** Instructions to follow **
Transcribe the material verbatim, starting at its first line and stopping once the line containing "[충청뉴스큐] 인천광역시교육청계양도서관은 관내" has been given; no picture should appear.

▬▬▬

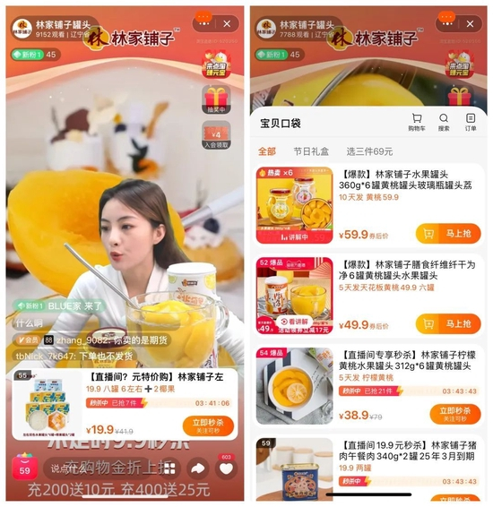 目前,在淘宝直播间,林家铺子的罐头并未显示“缺货”或“售罄”,消费者能正常购买,但需要等5天或者10天才能发货。不少网友在评论区吐槽,自己买的是“期货”。
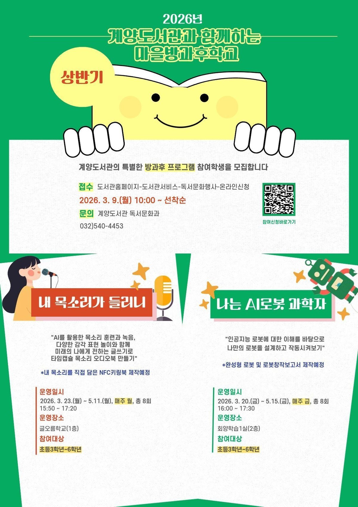 [충청뉴스큐] 인천광역시교육청계양도서관은 관내 초등학생과 청소년의 배움과 돌봄을 지원하기 위해 3월부터 11월까지 ‘도서관과 함께하는 마을방과후학교’를 운영한다.
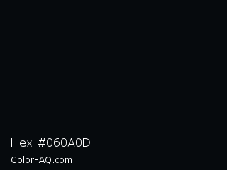 Hex #060a0d Color is a almost black blue color and the nearest color is Cod Gray #0b0b0b. Hex code #060a0d and RGB value is rgb(6,10,13). In RGB color space, this color is composed of 2% red, 4% green, 5% blue, In CMYK color space, this color is composed of 54% cyan, 23% magenta, 0% yellow , 95% black , In HSL color space, this color has a hue angle of 206° , 37% saturation and 4% lightness.
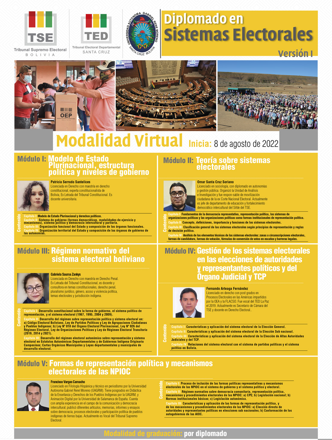 | Módulo IV | Gestión de los sistemas electorales en las elecciones de autoridades y representantes políticos y del Órgano Judicial y TCP |
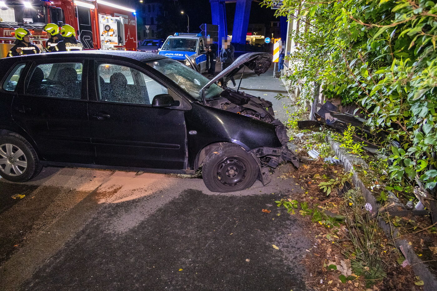 Im Kreisverkehr an der Hauptwache hatte der Fahrer eines VW Polo beim Ausfahren die Kontrolle verloren. Er prallte gegen einen Bordstein, fuhr durch einen Gartenzaun und kam schließlich an einer Hauswand zum Stehen. Nach dem Unfall verließen mehrere Personen das Fahrzeug und verschwanden.
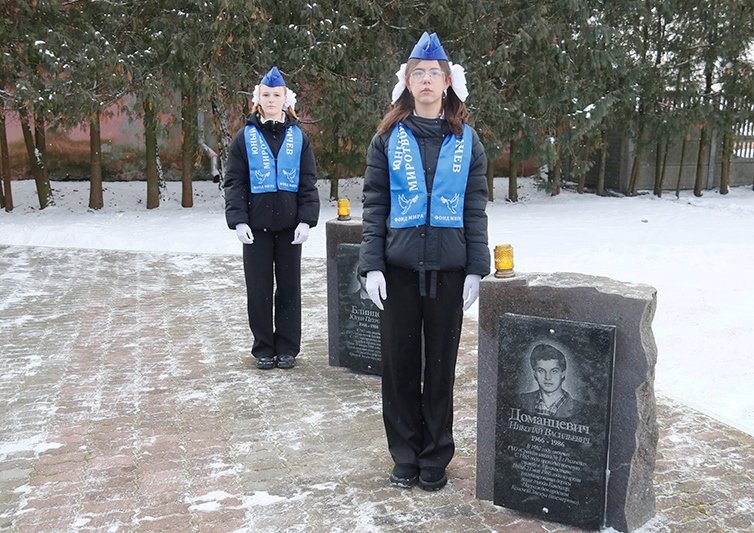 На Рогачевщине цикл тематических мероприятий ко Дню памяти воинов-интернационалистов 14 февраля открыл районный автопробег «Дорогами памяти». По традиции к ветеранам войны присоединились десятки рогачевцев – представители трудовых коллективов и молодежь. Автоколонна проследовала по маршруту Тихиничи – Рогачев – Осинники – Колосы – Турск – Довск. Здесь нашли последний покой пятеро наших земляков: Юрий Блинцов, Сергей Юрченко, Петр Касьянов, Семен Бондарев и Николай Доманцевич – посмертные обладатели орденов Красной Звезды.
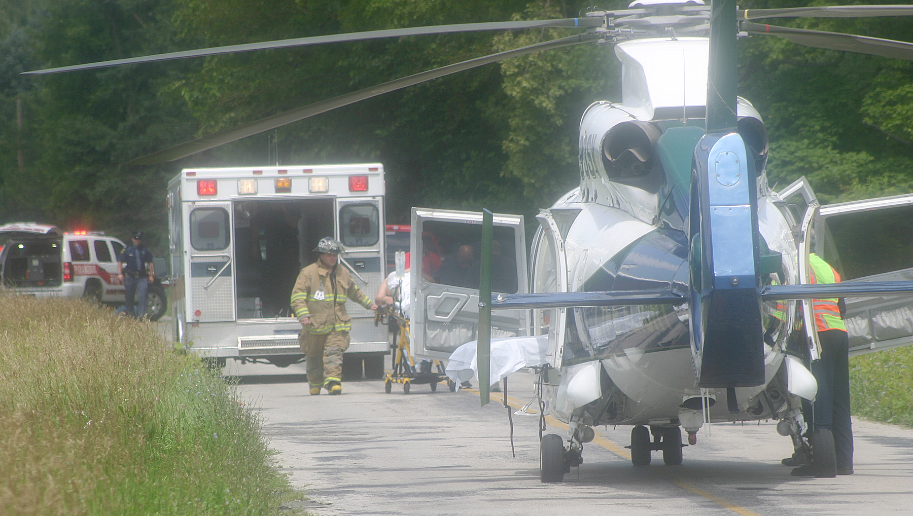 Michigan State Police troopers at the scene said they were still trying to determine what happened . At the time, troopers said, there were no witnesses who had come forward and no visible signs of a crash such as skid marks or debris. LifeFlight landed on the road and later transported the woman to an unknown hospital.

▬▬▬

** Written response **
 目前,在淘宝直播间,林家铺子的罐头并未显示“缺货”或“售罄”,消费者能正常购买,但需要等5天或者10天才能发货。不少网友在评论区吐槽,自己买的是“期货”。
 [충청뉴스큐] 인천광역시교육청계양도서관은 관내 초등학생과 청소년의 배움과 돌봄을 지원하기 위해 3월부터 11월까지 ‘도서관과 함께하는 마을방과후학교’를 운영한다.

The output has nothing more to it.